Así que trataron de convencer al cadáver acerca de su necesidad de
levantarse y hacer ejercicios, pero él sólo permaneció en la mesa, inmóvil
y frío, a pesar de todo lo que los alumnos dijeran o hicieran.
¡Por supuesto que esta es sólo una parábola! ¡Ustedes ya lo adivinaron!
Pero valiéndonos de esta analogía bastante repulsiva, para fraseemos
la tesis: “Un cadáver yace sobre la mesa porque está muerto.
No está muerto porque yace sobre la mesa”. La conducta típica de un
cadáver resulta del hecho de estar muerto: no es la causa de su muerte.
Espiritualmente, todos nacemos muertos. En Efesios 2:1 Pablo habla acerca
de estar “muertos en… delitos y pecados”. Las acciones pecaminosas
que comenten los pecadores sólo son el resultado de su condición, no la
causa de ella.
¡Con esto no quiero decir que no sea malo pecar!
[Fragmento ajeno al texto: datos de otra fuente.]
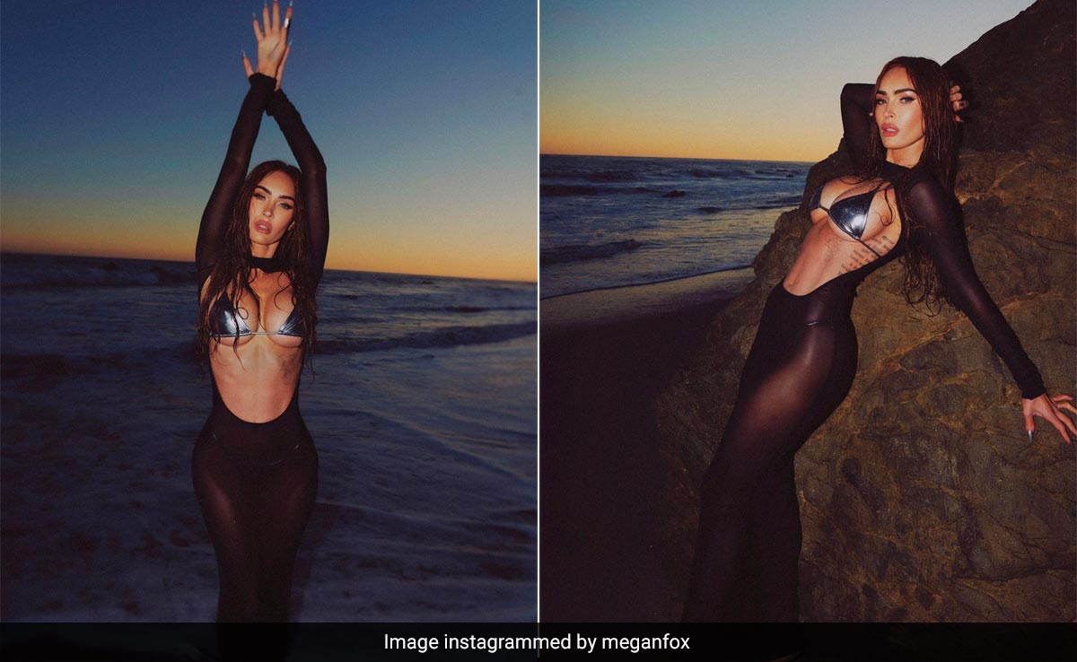 Megan Fox is still in her mermaidcore era and ever so glamorously. The American actress has a strong bend towards body-grazing silhouettes. Recently, she gave a gothic spin to mermaidcore as she slipped into the most flattering sheer piece. She opted for her own version with black and indeed, fashion aficionados are in for a hot style treat. Looking like an absolute style goddess, she opted for a sheer dress that came with a massive cutout on the front. She paired it with a metallic black string bikini top. She looked fabulously appealing as she posed like a total queen.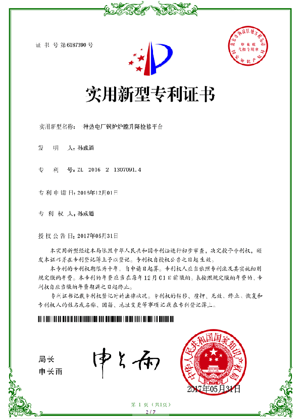 新聞中心下支撐折疊式鍋爐爐膛檢修平臺行業首項國家專利發明者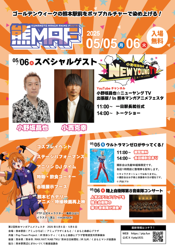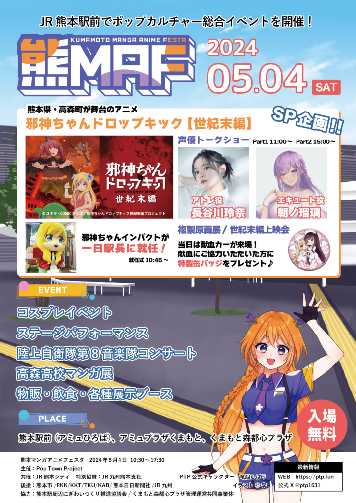 地元企業様をはじめとする多くの方々のご協力のもと、ポップカルチャーによる地域活性化を目指す団体Pop Town Project(ポップタウンプロジェクト)が、JR熊本シティ、くまもと森都心プラザ管理運営共同企業体と共催しています。

Sólo quiero afirmar
que no es el acto de pecar lo que nos hace pecadores. Si en este momento
se terminara para nosotros toda acción pecaminosa, ¿nos transformaría
esto en personas justas? No, sólo llegaríamos a ser individuos de bajo
comportamiento.
En El Deseado de todas las gentes, página 13 leemos: “El pecado
tuvo su origen en el egoísmo”. Meditemos en esta declaración durante
algunos minutos. Lucifer había sido honrado por encima de todos los
ángeles del cíelo. Era el más encumbrado de todos los seres creados.
Pero en lugar de seguir en pos de Dios, en lugar de procurar la comunión con él, en lugar de colocar la gloria y el honor divinos como su
blanco más elevado, Lucifer comenzó a preocuparse por su propia gloria.
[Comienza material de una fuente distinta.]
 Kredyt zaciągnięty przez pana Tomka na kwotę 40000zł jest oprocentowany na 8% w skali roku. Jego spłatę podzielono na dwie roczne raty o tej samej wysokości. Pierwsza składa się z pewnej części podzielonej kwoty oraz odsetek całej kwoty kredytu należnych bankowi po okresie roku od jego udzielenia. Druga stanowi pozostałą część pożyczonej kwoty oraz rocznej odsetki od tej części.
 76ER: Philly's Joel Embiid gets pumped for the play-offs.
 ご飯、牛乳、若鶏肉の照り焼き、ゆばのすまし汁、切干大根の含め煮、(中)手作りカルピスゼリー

El pecado de Satanás no comenzó con el robo de las manzanas del
árbol prohibido. Comenzó con la actitud egoísta de glorificar a la criatura
antes que al Creador.
El hecho de que no se puede buscar simultáneamente la gloria de
Dios y la gloria propia, es una ley universal. El primero de los tres ángeles
de Apocalipsis 14 aparece con un mensaje que debe darse a toda
nación, y tribu, y lengua, y pueblo: “Temed a Dios y dadle gloria” (vers.
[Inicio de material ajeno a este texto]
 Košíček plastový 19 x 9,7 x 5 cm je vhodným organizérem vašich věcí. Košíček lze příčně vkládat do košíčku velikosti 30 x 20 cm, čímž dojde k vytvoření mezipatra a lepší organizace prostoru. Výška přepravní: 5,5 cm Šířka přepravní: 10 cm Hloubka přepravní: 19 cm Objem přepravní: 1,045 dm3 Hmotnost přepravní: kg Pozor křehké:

7). La obra del Evangelio no tiene lugar para la gloria del hombre. La
justificación por la fe “es la obra de Dios que abate en el polvo la gloria
del hombre, y hace por el hombre lo que éste no puede hacer por sí
mismo”. – Testimonios para los ministros, pág. 456. La acción de adorarnos
a nosotros mismo en lugar de adorar a Dios es la causa de todos
los pecados que siguen.
Una persona de voluntad fuerte puede ser capaz de controlar su conducta.
Pero ni siquiera el individuo más fuerte es capaz de cambiar su
condición pecaminosa. “Es imposible que escapemos por nosotros mismos
del hoyo de pecado en el que estamos sumidos. Nuestro corazón es malo, y no lo podemos cambiar”. – El camino a Cristo, pág. 18.
Cualquier cambio externo que logremos, separados de Cristo, sólo
hará que se exalte la gloria propia y que la gloria de Dios se postre en el
polvo. Y terminamos cada vez más alejados de la vida en Cristo que se
nos ofrece mediante la relación y la comunión con él.
Un cadáver se puede lavar y arreglar y vestir con la ropa más elegante.
No se le puede culpar de ninguna acción equivocada. Hasta se le
puede llevar a la iglesia. ¡Pero sigue siendo un cadáver! Sólo una vida
nueva del interior, dada por Dios, tiene la virtud de producir el cambio
de muerte a vida. Esa vida nueva se recibe mediante la comunión con él.
“Porque la ley del espíritu de vida en Cristo Jesús me ha librado de la ley
del pecado y de la muerte” (Romanos 8:2).